Monday, February 01, 2010

Confronting a Killer Cop: this Wednesday, February 3rd in Montreal

from The Jean-Loup Lapointe Welcoming Committee:

Wednesday, February 3, 2010
12:30pm-1pm
Palais de Justice de Montreal
corner of St-Laurent and St-Antoine

The Coalition Against Police Abuse and Repression is organizing a 30-minute gathering at 12:30pm sharp at the exit of Montreal's Court House (corner of St-Antoine and St-Laurent). Jean-Loup Lapointe, who shot four bullets at unarmed youth, killiing Fredy Villaneuva and severely injuring two other youths, will be testifying.

If you can, please attend the hearing in room 5,15 from 9:30am onwards. Please come with very few items in your pockets because you will be searched by the Court House security services.

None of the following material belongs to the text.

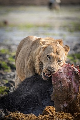 Lion eating buffalo carcass
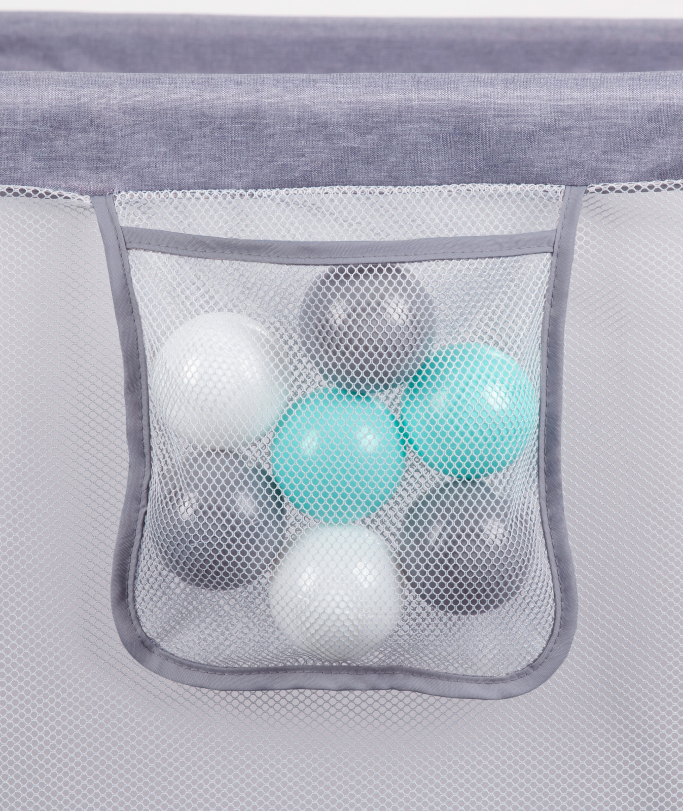 • Plasa transparentă și uniformă permite copilului să observe împrejurimile, asigură o ventilație adecvată și asigură că jucăriile plasate în țarc rămân înăuntru.

After the lunch break, the hearing will resume at 2pm.

The committee explains:

Jean-Loup Lapointe: Fredy’s executioner

Executioners still exist, but they’ve changed their appearance.

During the Middle Ages executioners did their dirty deeds in front of an impotent crowd. They didn’t decide who they would execute, or for what reasons, and that’s why we couldn’t hold them responsible for their death tolls. They also wore masks to hide their identities, and carried a weapon to protect them from the people. Their impunity was complete.

Today, it’s police officers that are modern-day executioners. They wear a blue uniform and carry guns – with bullets or electric shocks. They also enjoy impunity, but they don’t need a mask. They don’t need a judge either, nor a king or a Committee of Public Safety to decree the death penalty. No, these days it’s simple constables who’ve taken over. And with a bang, another death!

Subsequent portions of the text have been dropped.